Category Archives: nba

Assigning credit to Team USA

Posted on July 28, 2008 | 6 comments

During the NBA Finals, I made an effort to estimate player contributions to the final score, using Model-Estimated value, and a metric which I unimaginatively called “Credit.” MEV is a linear-weighting player productivity measure (read about it here), and Credit (which I’ve modified somewhat since the Finals coverage), attempts to divide credit (or blame) for a team’s success among individual players:

Player Credit = Player MEV / Team Total MEV * (Team Points / (Team Points + Opponent Points))

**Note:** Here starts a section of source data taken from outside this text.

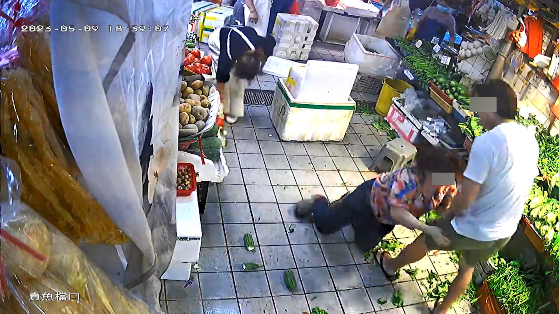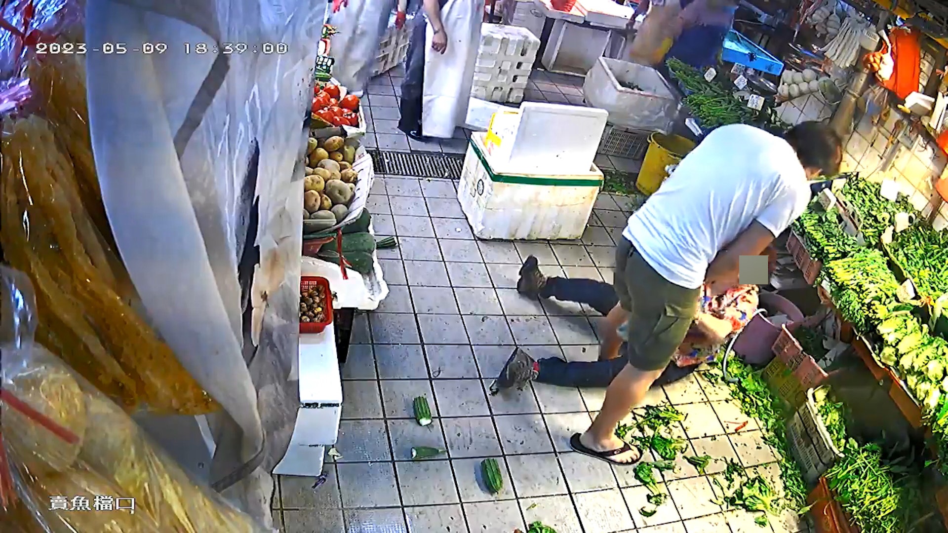 事發片段相信是由其中一間店舖的閉路電視拍攝。於昨日(6月3日)中午被上傳到多個社交網站群組。就該閉路電視片段所見,事發於5月,一名婦人在街市菜檔路中心,將一車發泡膠箱掉落地上,但她掉落第二個發泡膠箱時,蓋子砸到旁邊買菜的男子腳上,男子一腳將她的發泡膠箱踢走。大嬸將手上發泡膠箱放在男子腳邊,前去執被踢開的箱時,男子一手將她放下的發泡膠箱打飛,喝鬧「企喺度你仲係咁整埋嚟」。雙方因而展開激烈打鬥,更因婦人被推跌地上,最終出手「偷桃」反擊。7 y- [7 U/ s! U, q5 }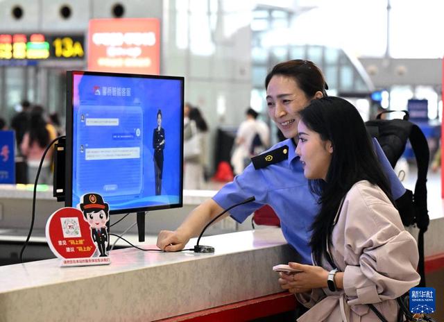 10月5日,在河北石家庄火车站候车大厅服务台,旅客向“AI智能客服机”问询旅行信息。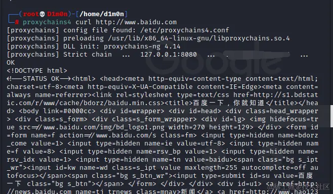 proxychains4 curl http://www.baidu.com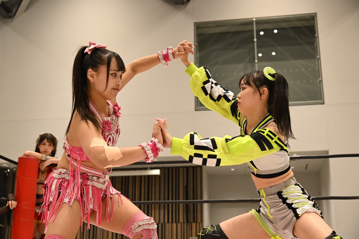 試合後、愛野は「挑戦者組、勝ったぞ! 私と鈴芽は前哨戦はもうないけど、でもあと1試合(12・27新宿)あるんだよ。あと1試合戦うってことは、私たちはまた強くなるってことだからら。イッテンヨンに向けてたくさんパワーを溜めていこう!」と勝利の雄たけび。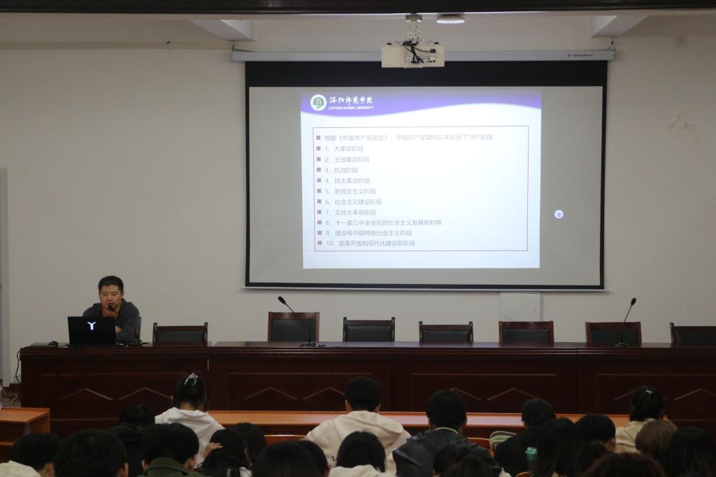 10月24日下午18时30分,我院副院长贾世杰于信息楼一楼报告厅开展以《学党史、强思想》为主题的专题党课,我院全体积极分子积极参加,认真聆听。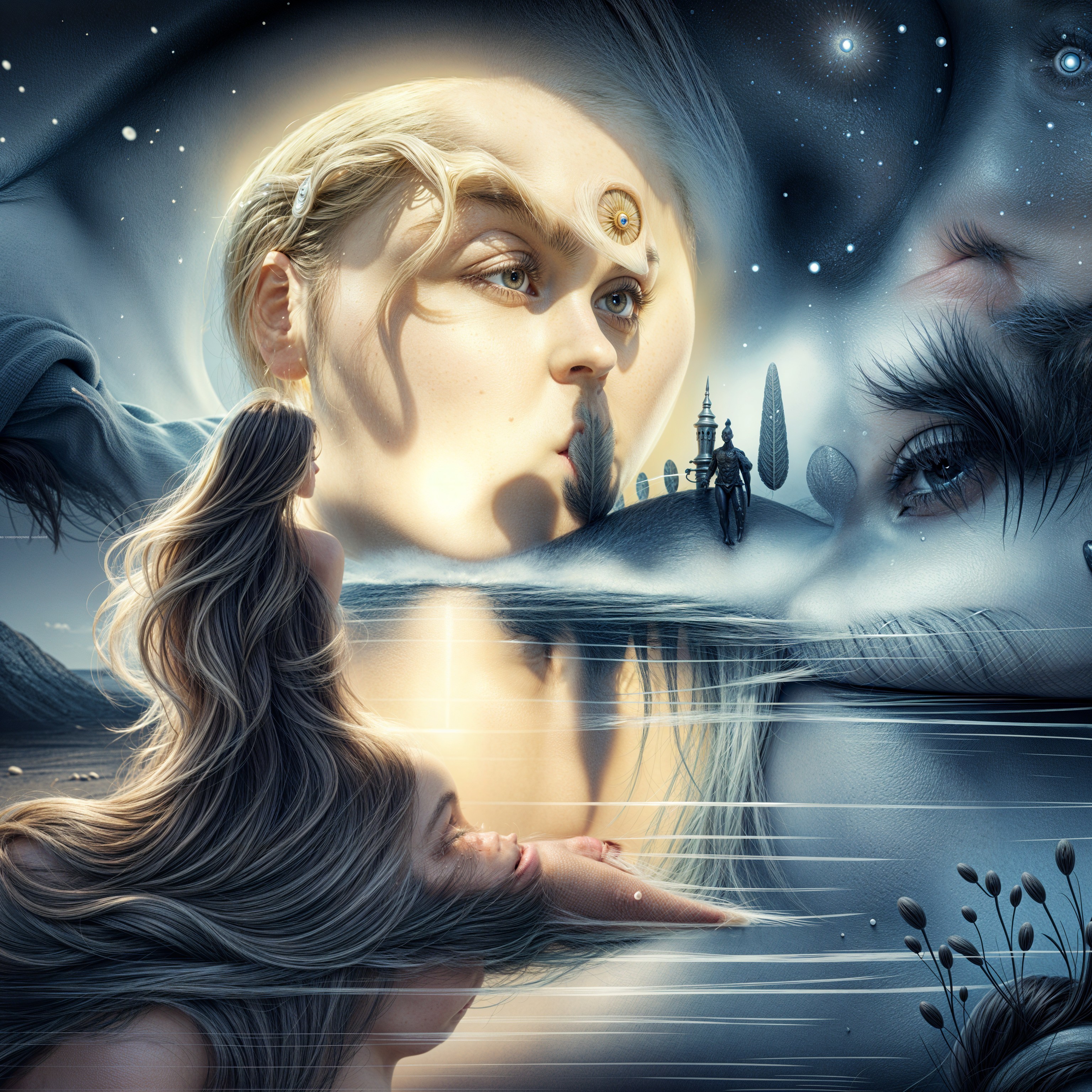 Surreal artwork of a woman's face divided into day and night themes, with celestial elements, a horse, and trees.

This way, total Credit for all players on both teams sums to one in every game, and players on teams that win by a lot are allocated more Credit to divide amongst themselves, whereas in tight games, each team has closer to 0.50 Credits to attribute. In the spirit of the upcoming Olympic Games, I hope to return to semi-regular coverage, though not necessarily in the form of any actual posting. Rather, I will endeavor to update, after each game leading up to and played in Beijing, MEV and Credit statistics for each member of Team USA. Each game’s statistics, as well as cumulative stats can be found here:

http://bit.ly/teamusa

I hope you find it useful and insightful over the next few weeks.

6 Comments

Posted in basketball, infovis, nba, statistics

Change of venue

Posted on July 17, 2008 | 2 comments

Folks, starting today, I’ll be writing a weekly post on Thursdays, over at Hardwood Paroxysm. I’m likely to continue posting here, although frequency might drop a little bit. If you would like to continue subscribing to The Arbitrarian’s RSS feed, but would also like to read my posts at HP, I’ve put together a joint feed in Yahoo! Pipes that will do just that. Thanks for all of your support, readership, and insight–having readers makes blogging fun.

Here’s the feed: Abitrarian Everywhere

2 Comments

Posted in basketball, nba

Estimating team chemistry

Posted on July 14, 2008 | 2 comments

I posted recently to introduce a new method of characterizing basketball playing styles, which I call the SPI Style Trichotomy. The advantage of this methodology is, among other things, that it is an objective, performance-based means of characterizing player type that offers substantially more nuance and accuracy than the traditional position adjectives.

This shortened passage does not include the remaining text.